*What is expected*: Begin with the line that holds "Kanga Care Pail Liners are" and retype through the last line of the listing below, exactly; pictures are not part of the copy.

*Material provided*:
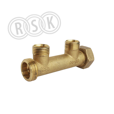 Alpex fördelare med två avstick. En utvändig och en invändig gänga med utvändig gänga på avsticken. PN10. Material avzinkningshärdig mässing.
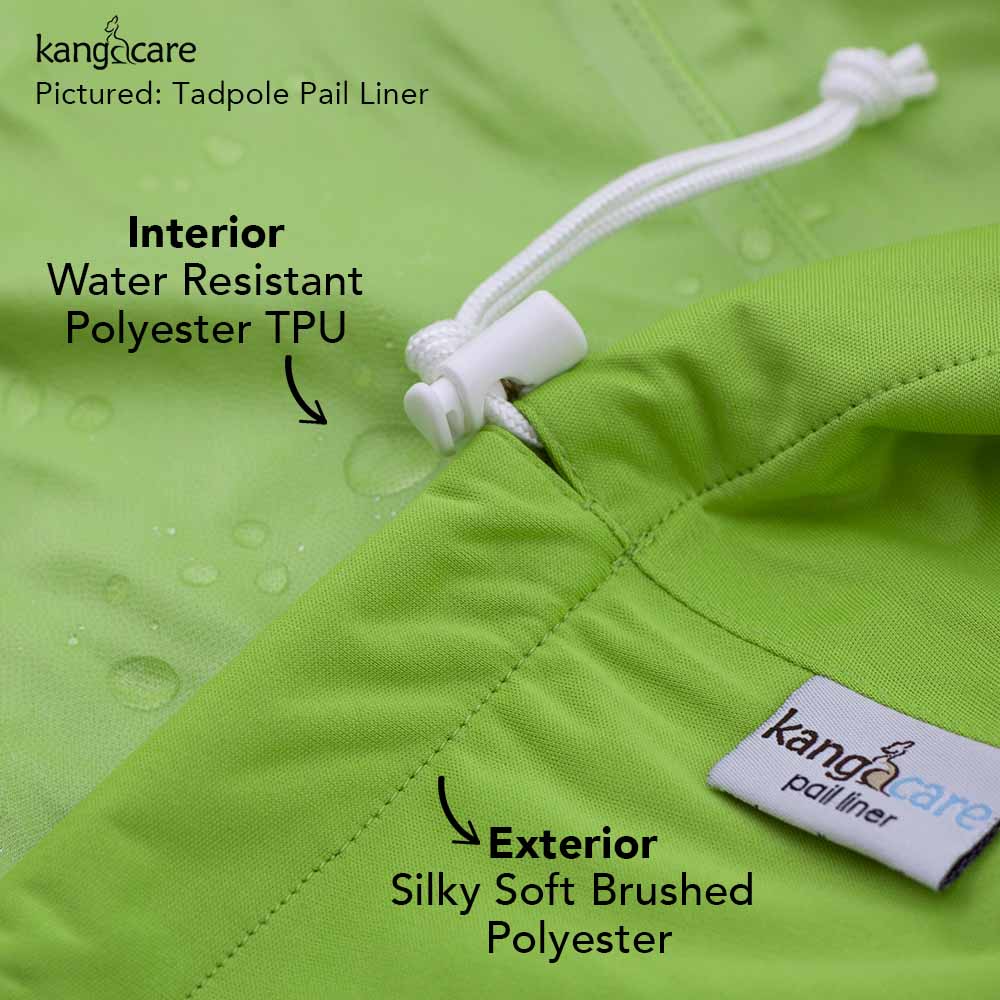 Kanga Care Pail Liners are a cylindrical shape, tapered slightly towards the bottom to allow more volume and fit your pail perfectly! This pail liner keeps the waterproof laminate on the inside where the dirty diapers are. The Kanga Care Pail Liners will fit almost any pail size. To use, place pail liner in a tall kitchen trash can or diaper pail with a closable lid. Cinch the drawstring down with the toggle for a snug and exact fit. The fabric is cuffed at the top of the liner so when you use it in a pail you will see the fun print or color folded over the top! To clean, machine wash with your diapers or other soiled items. Tumble dry low or hang dry. Kanga Care uses a water resistant polyester TPU which is a solvent-free polyester fabric that has been laminated with a thermoplastic polyurethane using a heat bonding process, not chemicals. This process is low in toxicity and is better for the natural environment then traditional PUL.
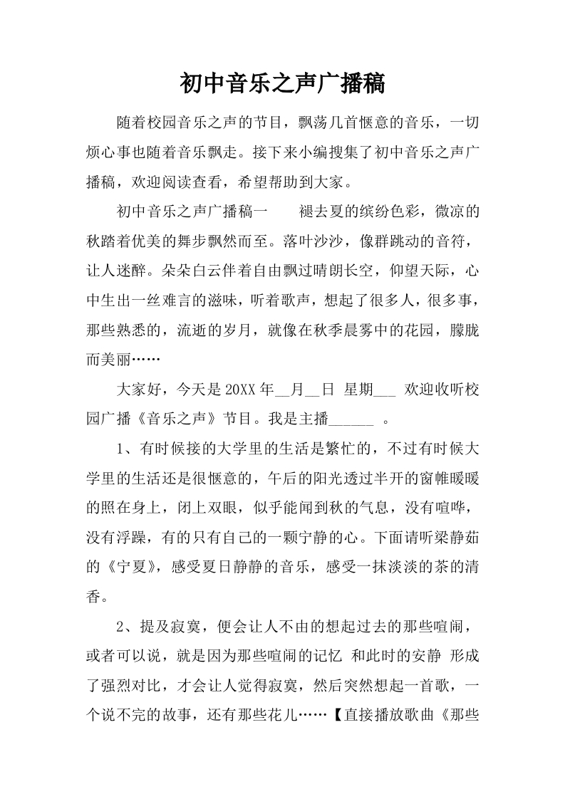 首页综合资料 校园广播[范本]初中音乐之声广播稿

*Written answer*:
 Kanga Care Pail Liners are a cylindrical shape, tapered slightly towards the bottom to allow more volume and fit your pail perfectly! This pail liner keeps the waterproof laminate on the inside where the dirty diapers are. The Kanga Care Pail Liners will fit almost any pail size. To use, place pail liner in a tall kitchen trash can or diaper pail with a closable lid. Cinch the drawstring down with the toggle for a snug and exact fit. The fabric is cuffed at the top of the liner so when you use it in a pail you will see the fun print or color folded over the top! To clean, machine wash with your diapers or other soiled items. Tumble dry low or hang dry. Kanga Care uses a water resistant polyester TPU which is a solvent-free polyester fabric that has been laminated with a thermoplastic polyurethane using a heat bonding process, not chemicals. This process is low in toxicity and is better for the natural environment then traditional PUL.
 首页综合资料 校园广播[范本]初中音乐之声广播稿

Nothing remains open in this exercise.